Forgot to mention already on max dose 800 mg gabapentin. And I still fan't control pain to go back to a simple job. So frustrated....
Hi there...
It is very common for most Drs. to move their patients from a short acting medication to a long acting one when they move from the "acute" pain phase...which is up to three months to the "chronic" pain phase, which is thereafter.
I'm confused on why you wouldn't do well on Oxycontin if you do well on Percocet. It is the exact same opiate. Oxycodone. The only difference is that it lasts longer. Obviously the Percocet has Acetaminophen in it..so if you are on Oxycontin you can always add a Tylenol if needed.
But this is going to not make sense to your Dr. if you tell them this.
And with spine issues....an opiate is not the main medication for treatment. Most patients are on a nerve pain medication like Lyrica, Neurontin, or Cymbalta. These target specific nerve pain which is your main source of pain with the herniated discs and sciatic nerve pain.
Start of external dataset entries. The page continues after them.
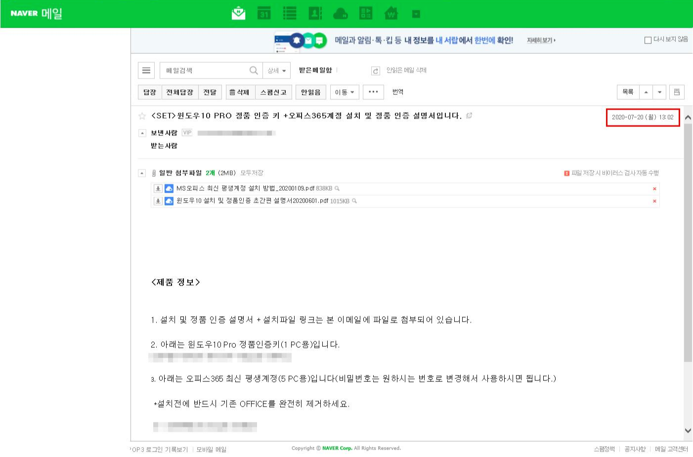 윈도 10 프로 시디키와 오피스 365 로그인을 할 수 있는 계정이 날아왔다.
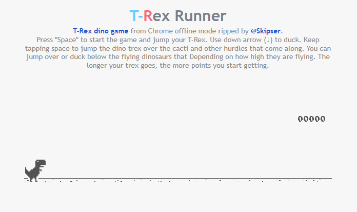 인터넷에 연결이 되지 않았을 때 할 수 있는 게임으로, 구글의 숨겨진 게임중에 가장 대표적인 게임입니다. 인터넷을 연결할 수 없는 상황이거나 기기의 와이파이를 끊고 크롬을 실행하면 인터넷에 연결할 수 없습니다 라는 문구와 함께 공룡 모양의 게임이 나타납니다.
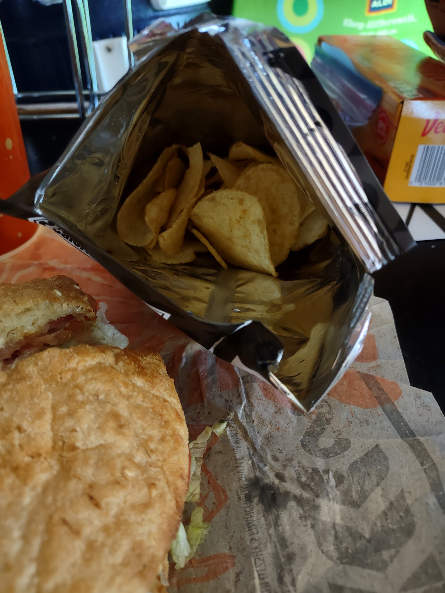 The only other thing I was disappointed with was when I got home and opened the bag, the smell of cigarette smoke was overwhelming. The sandwich tasted great as usual, once I pulled it out of that wrapper, which reeked of cigarette smoke. I'm allergic to cigarette smoke, so it made me start coughing. That's never fun. Other than that, the turkey bacon club was delicious, the tea was excellent and the jalapeno chips were awesome! 👍👍
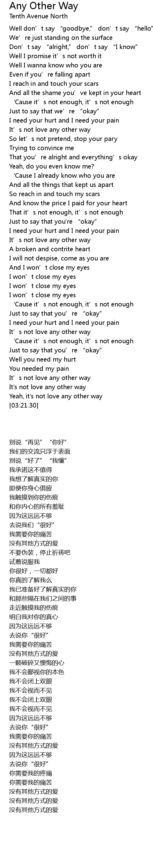 | [03:14.89] | Yeah, it's not love any other way |
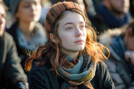 A young woman wearing a knitted scarf and hat gazes thoughtfully into the distance amidst a crowd of people.
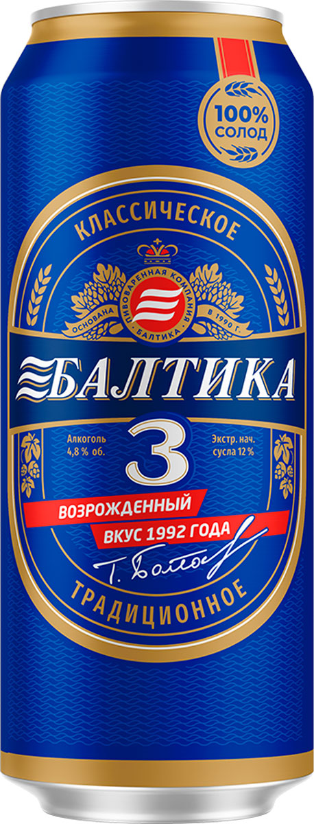 Пиво Балтика Классическое №3 светлое пастеризованное ж/б
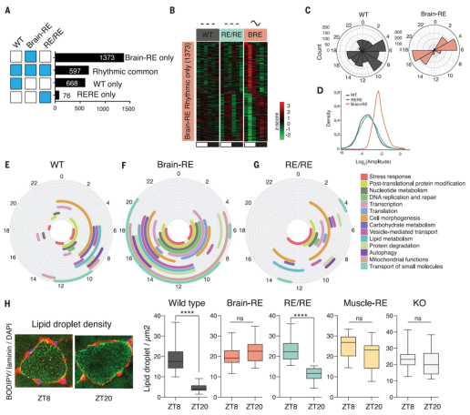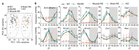 只有當大腦時鐘存在時(brain-RE)才檢測到大量不同的肌肉節(jié)律轉(zhuǎn)錄物,說明肌肉中存在大腦驅(qū)動的、非Bmal1依賴的振蕩[Fig.3A,B]。然而,這些大腦驅(qū)動的轉(zhuǎn)錄物發(fā)生了振幅和振蕩相位的改變[Fig.3C,D]。在WT小鼠的肌肉組織中,觀察到參與基本分子過程的轉(zhuǎn)錄物在休息時間(ZT0至ZT12)出現(xiàn)表達峰值[Fig.3E]。Brain-RE小鼠的肌肉組織表現(xiàn)出相位錯位,相位峰值發(fā)生在活動期。然而,RE/RE小鼠則表現(xiàn)出與WT小鼠一樣的正確排列[Fig.3E-G]。
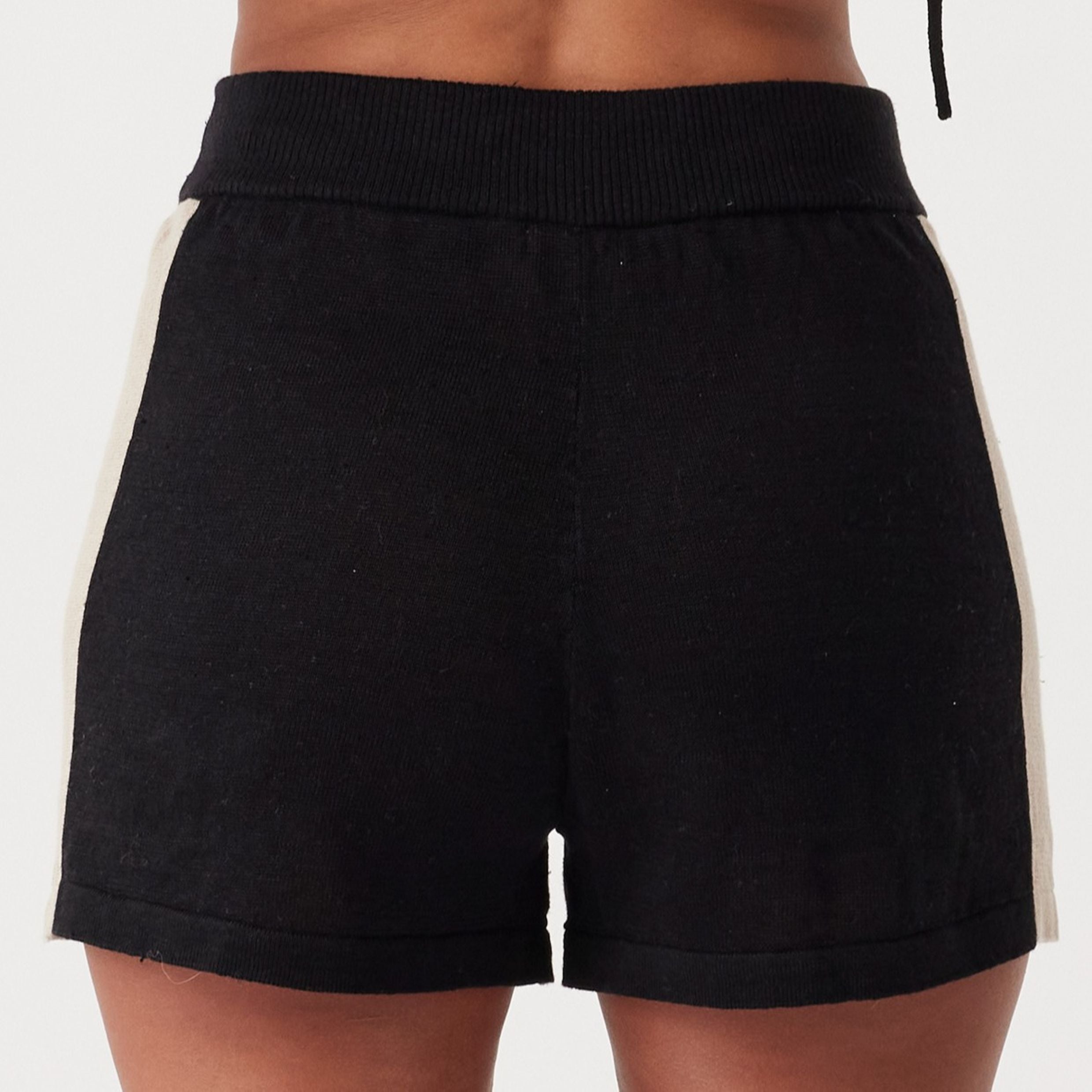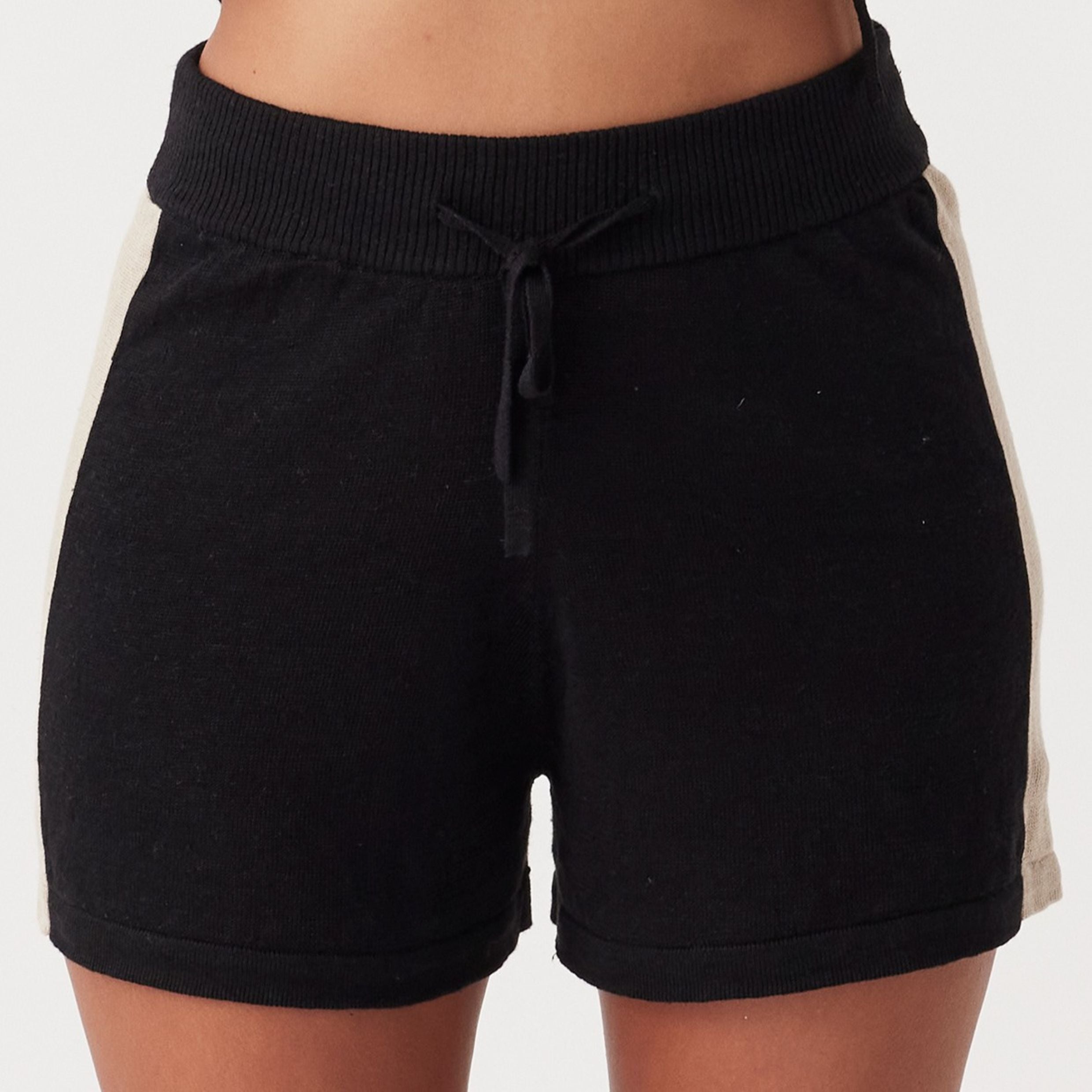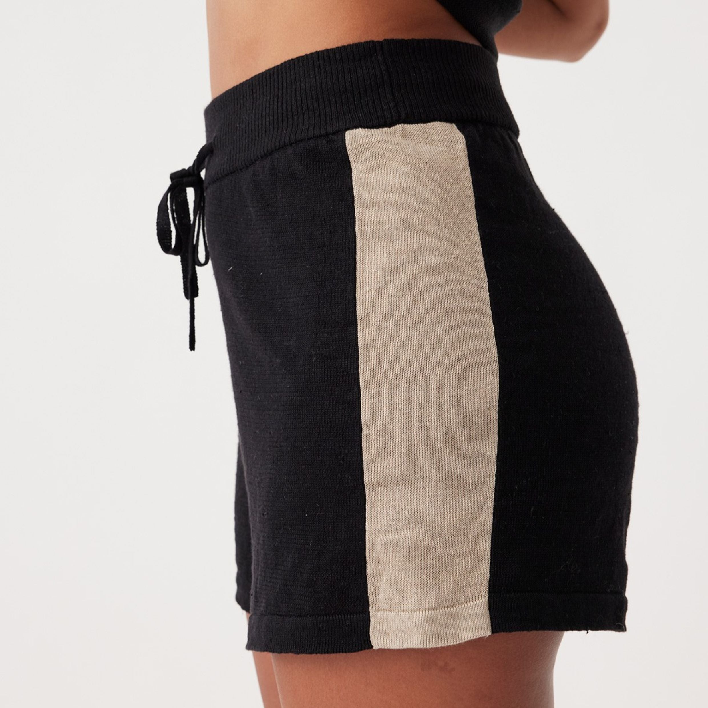 The Larri Linen Knit Short in Black & Taupe combines modern contrast with effortless style. Featuring a breathable knit, sporty fit, elastic waist, and a contrast side stripe, it’s designed for versatile wear.
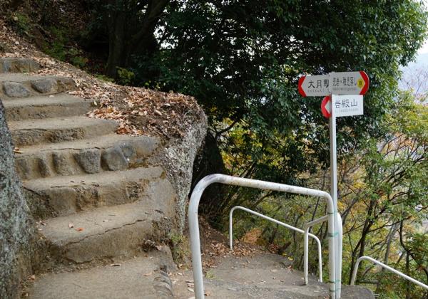 - 大月駅-90-稚児落し-40-兜岩-60-岩殿山-40-大月駅
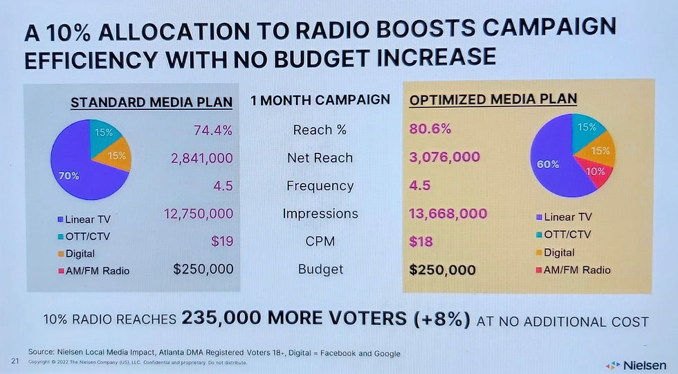 La ponencia enfatiza que para las elecciones legislativas de noviembre del 2022 en los Estados Unidos se van a invertir 7.8 mil millones de dólares en publicidad política. De este monto solo el 2.7% se piensa destinar a mensajes emitidos por radio AM y FM, cifra considerada muy baja si se tiene en cuenta que este medio sigue siendo uno de los vehículos más utilizados para llegar a importantes sectores de la sociedad.

An opiate does not work well for this.
Same thing with having a muscle relaxer to take as needed. Flexeril, Skelaxin, Robaxin, Baclofen, or Zanaflex. This is very useful for those times with bad muscle spasms...
Again...an opiate does not target spasms. An opiate just makes our brain not "care" as much. And sure, it can be a small part of one's treatment...but it should never be the main part.
There is also daily exercise, yoga/stretching, acupuncture, ultrasound massage, physical therapy, aqua therapy, TENS unit, ice, heat, injections, steroids, counseling, not smoking, eating healthy, etc..
If you tell a Dr. that the "only" thing that helps is Percocet...I can guarantee you are going to have a really tough time with pain management as that will raise some major red flags to most Drs.
I wish you luck..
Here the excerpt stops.